Fernando Alonso s’y connaît

Sur les 272 kilomètres du parcours dessiné autour de Florence, les coureurs pédalent, assaillis par la pluie battante.  » Pourtant, ça peut encore aller car il fait assez chaud « , nuance le soigneur belge Dirk Leenaert.  » C’était bien pire à Milan-Sanremo, sous la neige et le gel.  » De fait, car les Espagnols Joaquim Rodriguez et Alejandro Valverde – Alonso s’y connaît – dominent la finale. Certes, ils n’enlèvent pas le maillot tant convoité. Pas parce que Peter Sagan est plus malin qu’eux mais parce que le Portugais Rui Costa profite d’une erreur tactique d’Alejandro Valverde pour s’échapper.

La Belgique doit se contenter de la neuvième place de Gilbert. Nous filons donc vers la ligne d’arrivée, dans le sillage du champion et des Espagnols. Nous assistons à des échanges qui passent inaperçus à la télévision : Alejandro Valverde fonce vers Joaquim Rodriguez, lui ôte ses lunettes, le fixe du regard et fait non de la tête. Après la conférence de presse, loin des regards de la plupart des journalistes, ils poursuivent leur discussion, épicée d’insultes.

L’autre Rui Costa

Rui Costa s’en moque. Ses joues ruissellent de larmes tandis qu’il répond aux questions des journalistes. Sa joie forme un contraste saisissant avec le regard fixe d’Andrea Tafi. C’est lui qui a dessiné le parcours mais il n’y a pas d’Italien sur le podium. La déception est rude, pour lui comme pour les tifosi, qui rentrent chez eux sans plus jeter un regard sur le podium et les festivités. D’ailleurs, la cérémonie est froide, dépourvue d’ambiance. Évidemment, comme toute la semaine, les organisateurs ont commis l’erreur d’autoriser trop tard les supporters étrangers, restés dans les parages, à rejoindre la zone d’arrivée.

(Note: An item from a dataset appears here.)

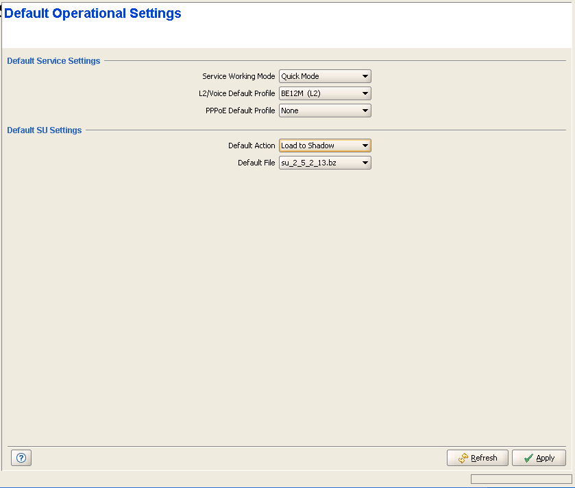 The Default Operational Settings page enables viewing and modifying general default parameters related to service provisioning and new SUs that join the network.

Carla, la superbe amie portugaise de Costa, s’en moque. Dans un anglais laborieux, elle explique que son Rui, qui ne maîtrise que le portugais, ne s’attendait pas à être sacré champion du monde.  » He say, world championships is Euromillions : big lottery, little chance to win. But he wanted do his best. And now : victory ! « Joao Correira, le manager de Costa, est plus polyglotte. Pendant que Carla distribue des photos du champion du monde à une vingtaine de personnes, Correira parle de la motivation tranquille de son poulain et de l’espoir auquel il est raccroché.

 » Connaissez-vous Rui Costa ? Je ne parle pas du coureur mais de l’ancien footballeur, de la génération de Luis Figo ? C’était l’idole de Rui, qui a d’ailleurs fait sa connaissance depuis. Où le joueur a-t-il disputé la majeure partie de sa carrière et acquis sa renommée ? A la Fiorentina, dont il est toujours un monument. Et dans quelle ville nous trouvons-nous ?  » Il nous adresse un clin d’oeil avant de suivre son poulain, un bras protecteur passé sur ses épaules.